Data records
Content starts

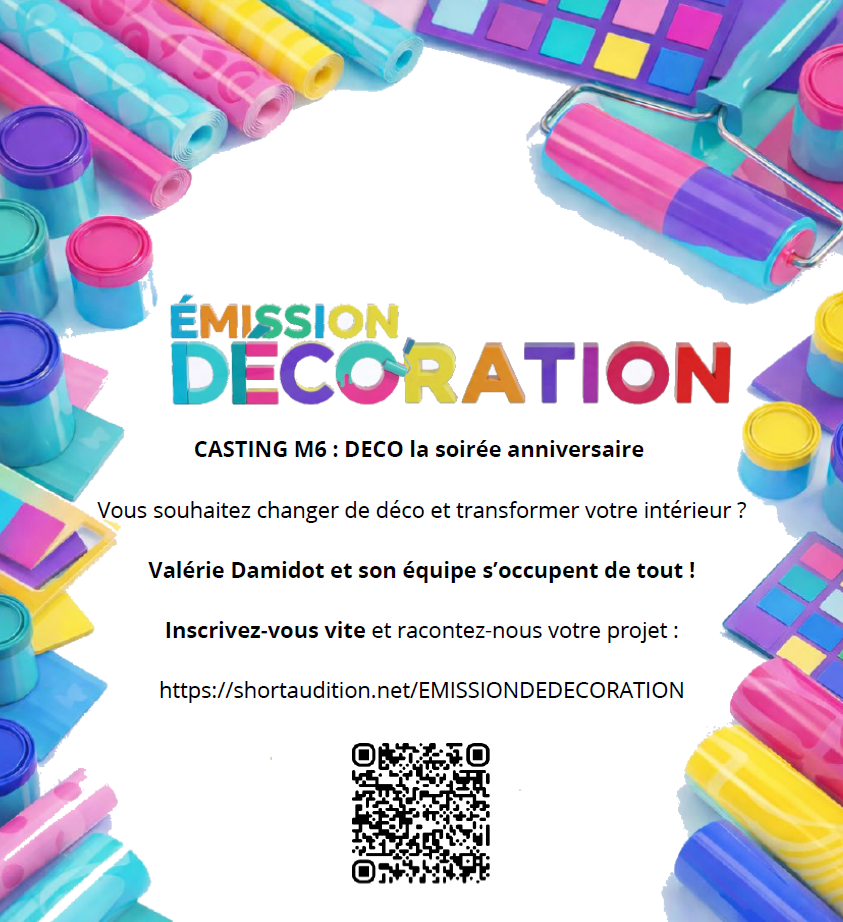 CASTING M6 : DECO la soirée anniversaire Valérie Damidot revient maroufler nos écrans pour fêter 20 ans de déco sur M6 au cours d’une soirée anniversaire exceptionnelle ! Vous avez envie de changer de déco ? Que ce soit pour vous ou un proche, que vous soyez en appartement ou en maison, locataire ou propriétaire… Valérie et son équipe sont là pour vous aider à transformer votre intérieur et changer votre quotidien. Inscrivez-vous vite et racontez-nous votre projet : https://shortaudition.net/EMISSIONDEDECORATION
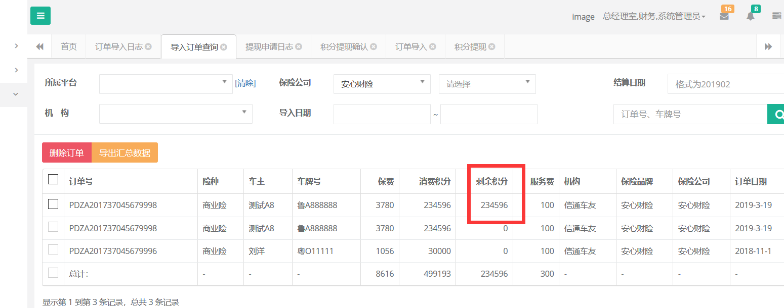 【订单导入日志】导入订单后,日志中的订单积分和提现的账号余额对不上
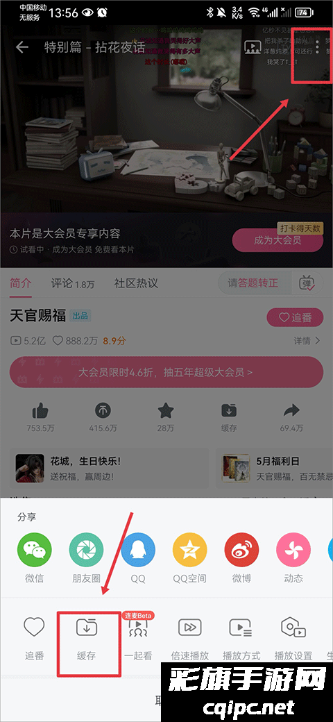 2、在动画观看界面中点击右上角三点后,在点击下方缓存按键
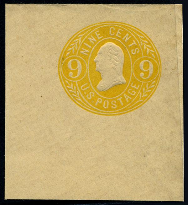 Envelope, 1865, 9c lemon on buff, 9c orange on buff
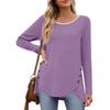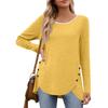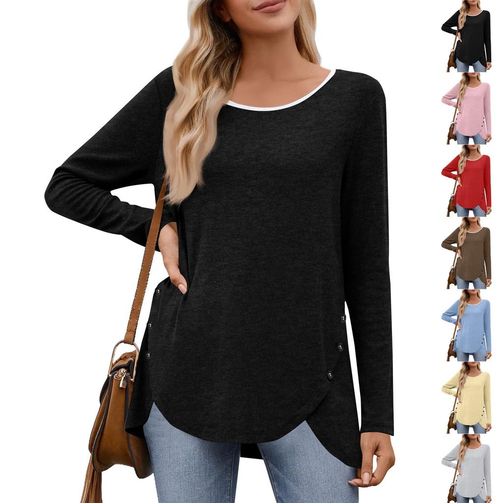 Women's Fashion Casual Solid Color Round Neck Long Sleeve Button Tops On Both Sides
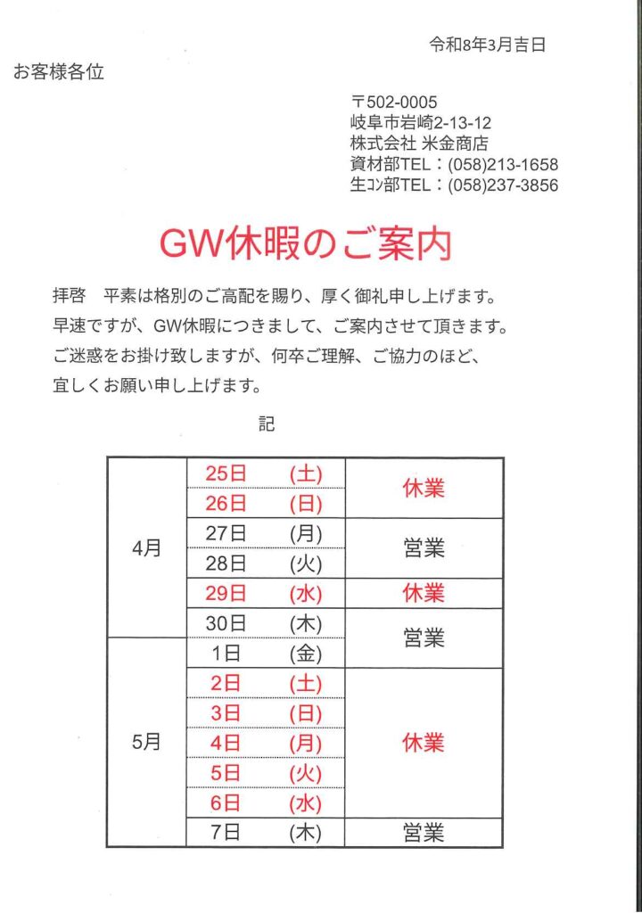 本日はゴールデンウィークのご案内です。休業中はご迷惑をおかけしますがよろしくお願いいたします。
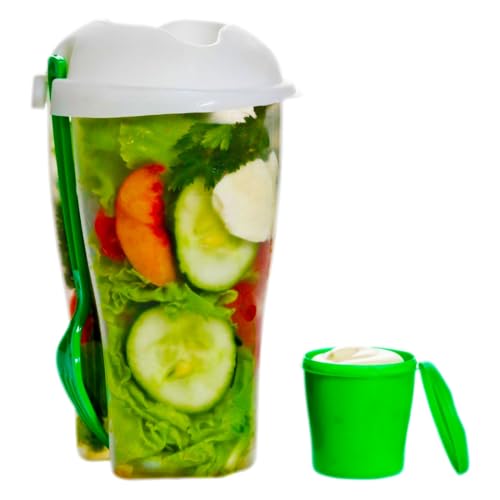 Facile à stocker: le support de vinaigrette est idéal pour le travail, les voyages ou même un pique-nique, nos ustensiles de cuisine sont parfaits pour les personnes de tous âges..Ake vos salons préférés ou les Gronola et avec du yaourt avec vous. Matière sûre des aliments: un récipient de vinaigrette à faire est composé de plastique de qualité alimentaire de qualité alimentaire, sans BPA, sûr et sain, fort et robuste..La conception anti-fuite empêche les déversements et les fuites, ce qui facilite la prise de votre salade et de vous habiller avec vous où que vous alliez. Convient pour des types de nourriture: un récipient à salade pour le déjeuner est idéal pour les céréales, le granola, le muesli, les bleuets, les mûres, les fraises avec du lait ou du yaourt..Également idéal pour transporter des fruits et légumes..Pas besoin d'apporter une autre fourche. 1000 ml Salade Shaker: La capacité de la tasse de salade est d'environ 1000 ml, répond à tous vos besoins de repas. L'ensemble de tasse de conteneurs à salade est livré avec une tasse de sauce et une fourchette, idéale pour le transporter. Vous pouvez profiter de votre temps de repas n'importe où. Gardez la tasse de shaker de repas à salade en forme: la vinaigrette à salade emporte la salade la plus fraîche avec vous pour vous faire profiter facilement à tout moment, plus de salades détrempées et continuer à manger en bonne santé..Pas d'odeur particulière, de scellage fort!.Plus de salades détrempées et continuez à manger en bonne santé.

Content ends

EXERCISE BRIEF:
Your answer must be the exact lines from the records above, from the one containing "Envelope, 1865, 9c" through the one containing "本日はゴールデンウィークのご", both included, with every picture left out.

TASK OUTPUT:
 Envelope, 1865, 9c lemon on buff, 9c orange on buff
 Women's Fashion Casual Solid Color Round Neck Long Sleeve Button Tops On Both Sides
 本日はゴールデンウィークのご案内です。休業中はご迷惑をおかけしますがよろしくお願いいたします。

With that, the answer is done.